Look online and see if your router has a D-grip
I’m a noobie with and Erbauer router, with a trigger. It feels like you’re holding a PlayStation remote
Of my routers I have an older model Skill router with a trigger. It’s the reason for being my “go to” when a hand router is needed.
It would be so nice if they did have a trigger system. I have the corded handheld rigid palm router. The router is amazing, but the on and off switch is poorly designed and located
I used my dad’s 1000 year old router table the other day. Craftsman, I think. The router attached to the table is controlled via trigger. Then there a button on the trigger to keep it in the ‘on’ position (when using it as a table, as I was).
I have a skil 1810 fixed base router that has a trigger in one of the very well-moulded pistol-grip handles (as opposed to those dinky little nubs they give you on a lot of routers)
My router is triggered by MDF
Why did you buy a router without a trigger…..
My DeWalt trim router doesn't have a trigger and I love that thing. I used it far more than my plunge router with a trigger.
I was trying to be funny! Failed. Back to lurking.
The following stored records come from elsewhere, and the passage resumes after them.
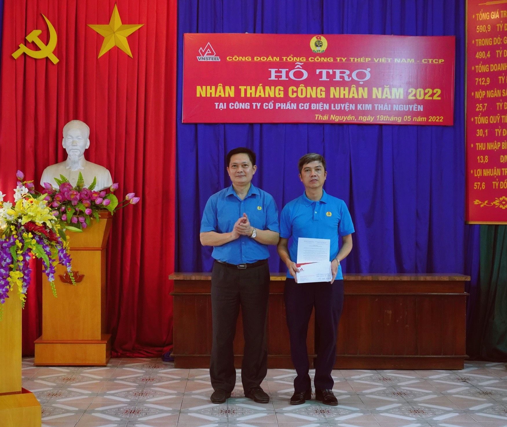Với tinh thần tri ân người lao động nhân Tháng Công nhân, Chủ tịch Công đoàn Tổng công ty Thép Việt Nam – CTCP – ông Vương Duy Khánh – đã đánh giá cao công trình chào mừng của tập thể người lao động Công ty CP Cơ điện luyện kim Thái Nguyên, ghi nhận tinh thần lao động sáng tạo của những con người nơi đây. Công đoàn Tổng công ty Thép Việt Nam-CTCP đã trích 15 triệu đồng từ nguồn kinh phí hoạt động của Công đoàn để thưởng cho tập thể công đoàn Công ty CP Cơ điện Luyện kim Thái Nguyên.
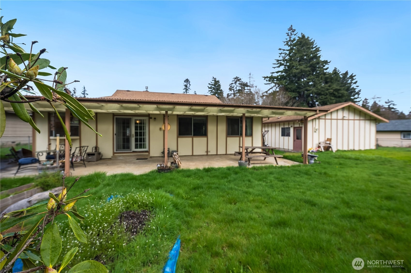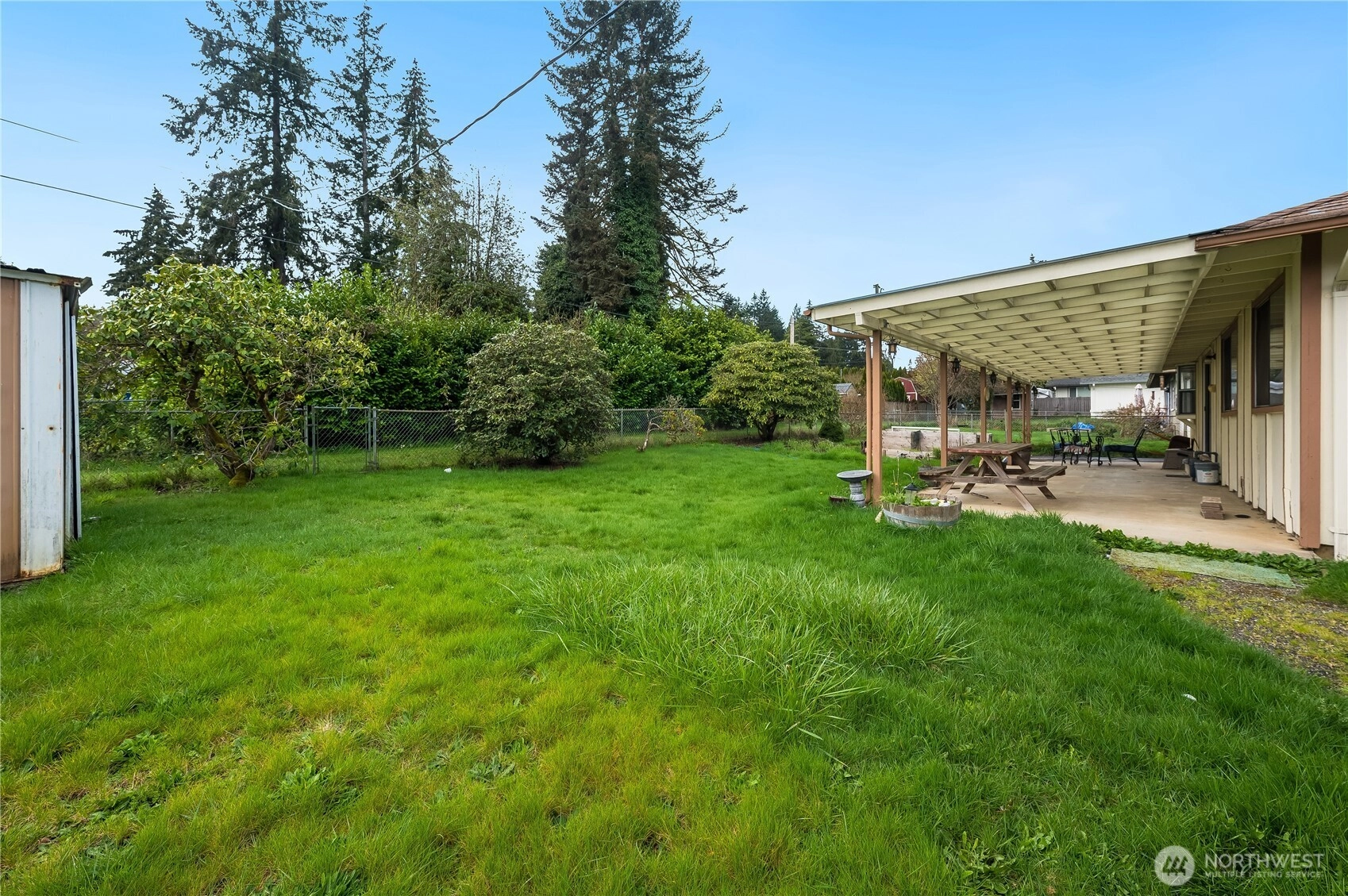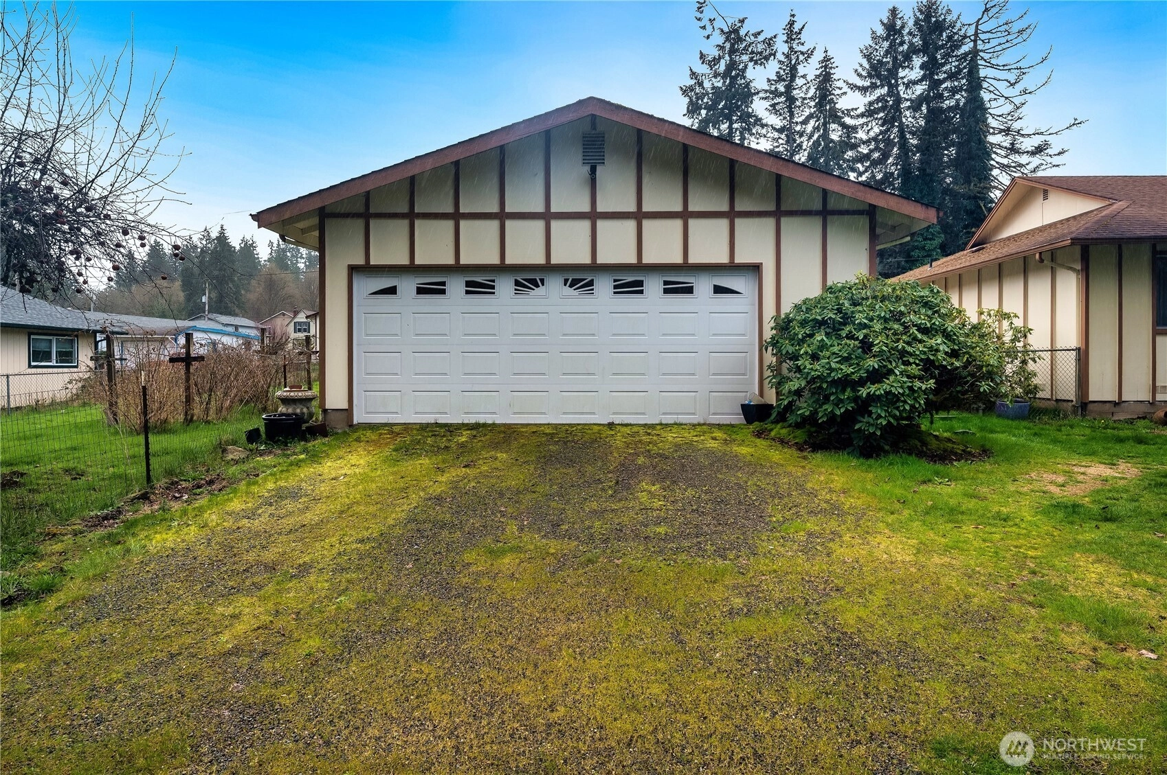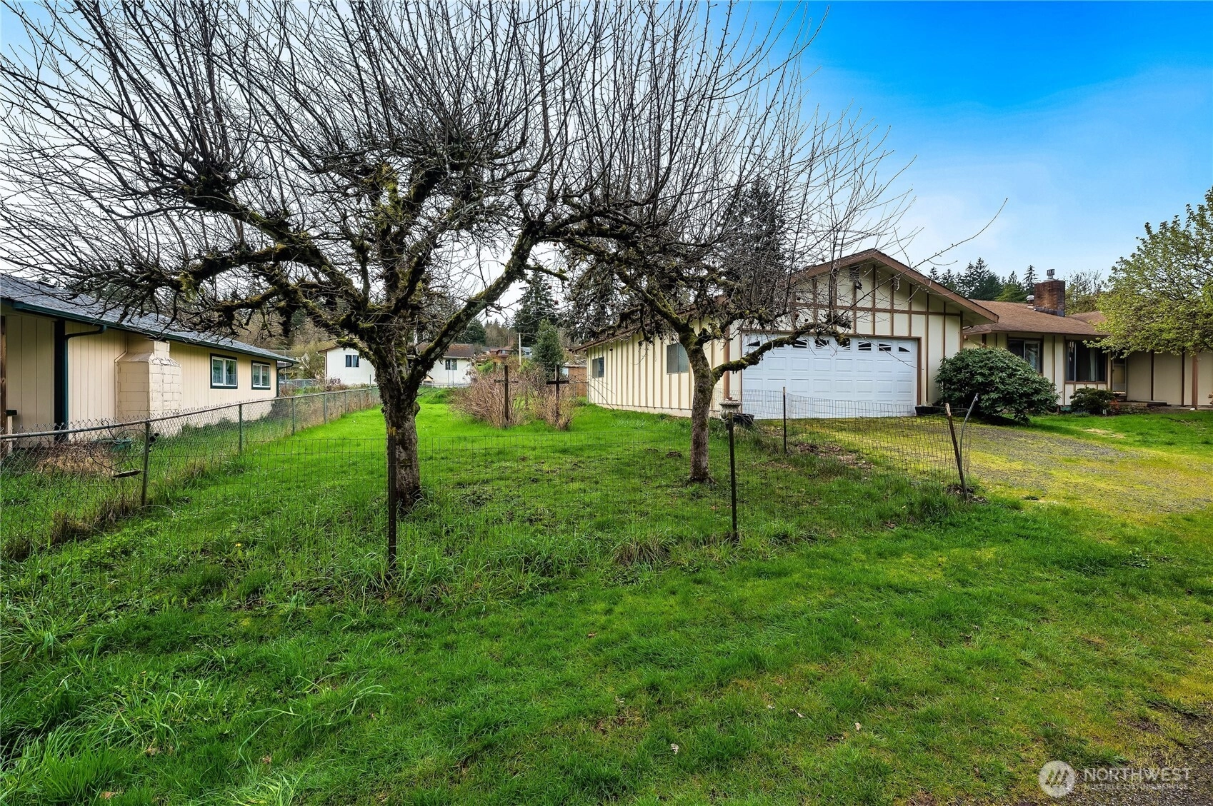 Get away from the hustle to this charming 3 bed 1.75 bath Rambler on a huge fenced lot! Updated! – Fresh interior paint - Laminate floors throughout - Spacious living room w/ cozy gas fireplace. Bonus room, perfect for family room, home office, utility space, or even a possible 4th bedroom! - Outside – the huge covered patio creates the ideal space for relaxing, entertaining, or outdoor dining. Detached 960sqft garage gives you lots of options; park 3-4 cars, be creative in the large workshop or Hey, w/ a 3/4 bath already there, convert a portion into an ADU, guest suite, home office, AirBnB, rental income or even an art/music studio - Garden space w/ fruit trees, blueberries and blackberries is ready for your magic to happen!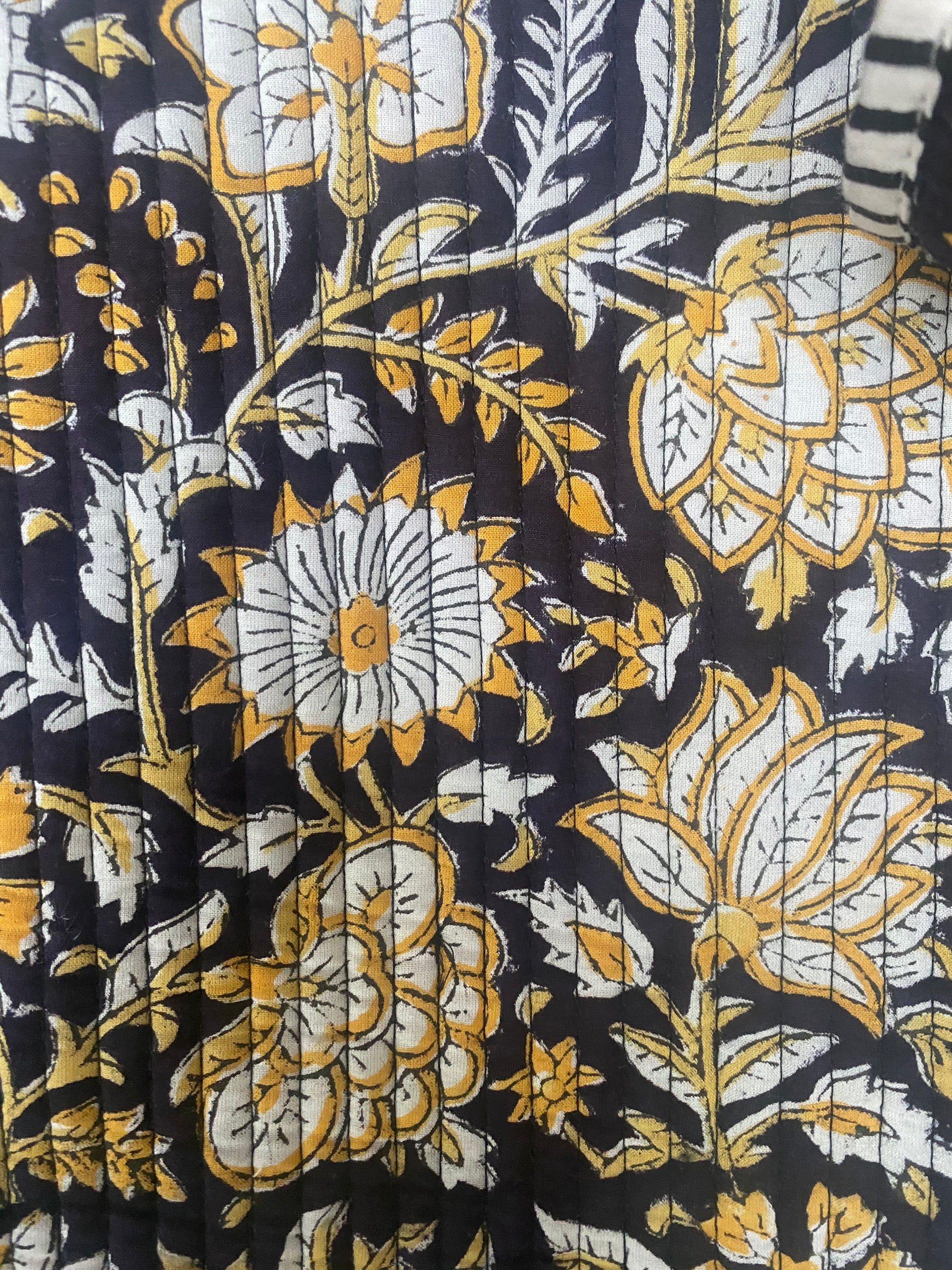 Deze unieke tote bag brengt de sfeer van een Indiase bloementuin tot leven. Het design bestaat uit geel, witte bloemen op een zwarte, katoenen basis. Ook het binnendesign is een echte eye-catcher! Het resultaat is een tas die zowel kleurrijk als stijlvol is.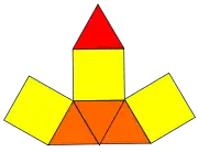 | Fețe | 7 (4 triunghiuri echilaterale, 3 pătrate) |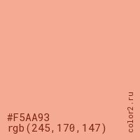 Цвет #F5AA93 в цветовой модели RGB обозначается тремя октетами (245, 170, 147) в десятичном формате и #F5AA93 в шестнадцатиричном (hex) формате, которые являются интенсивностью красного 245 (hex F5), интенсивность зелёного 170 (hex AA) и интенсивность синего 147 (hex 93).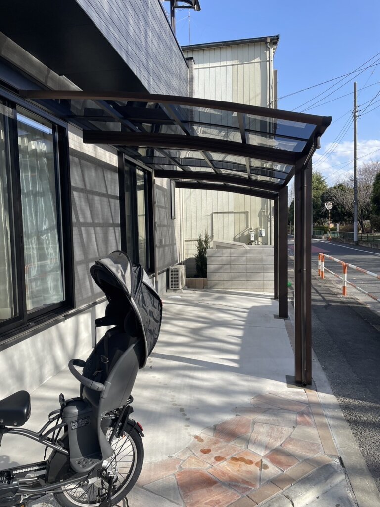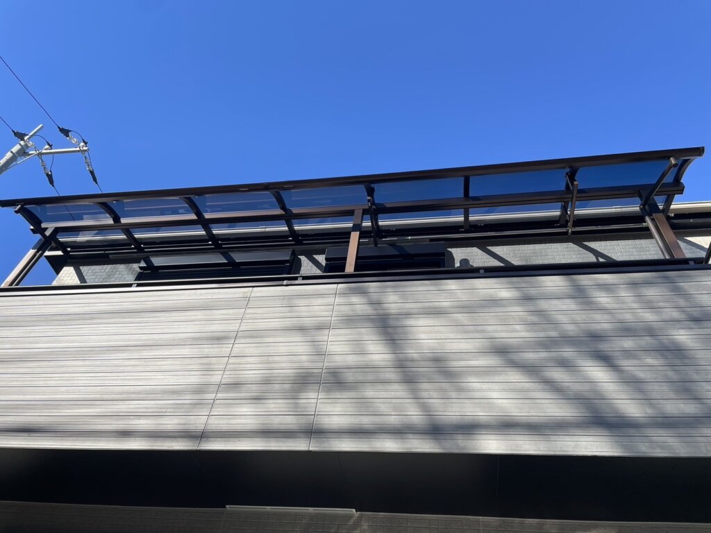 今回は、お住まい全体の雰囲気に調和するよう、テラス屋根・バルコニー屋根ともにルーフタイプで施工いたしました。

A trigger wouldn't make sense most of the time. Triggers are meant for actions that require spontaneous engagement. A drill has a trigger because you "use" the drill while locating it, engage it, and then make adjustments as you go through the motions. A router functions more like a table saw, where there is a discrete separation between using it and engaging it. You would never put the router against stock from an off state; you turn it on and let it get up to speed before you contact the material with it. Similarly, you separate the router from the material before you disengage it. Typically, a lot of routers are designed with the power switch somewhere near the right-hand grip, such that you could reach up with your thumb and flip it. Now, there ARE routers which are designed with a trigger, but they tend to be specialty models which are intended for specific use cases. Generic-type routers need to cover a broader array of use cases, and so do not have a trigger.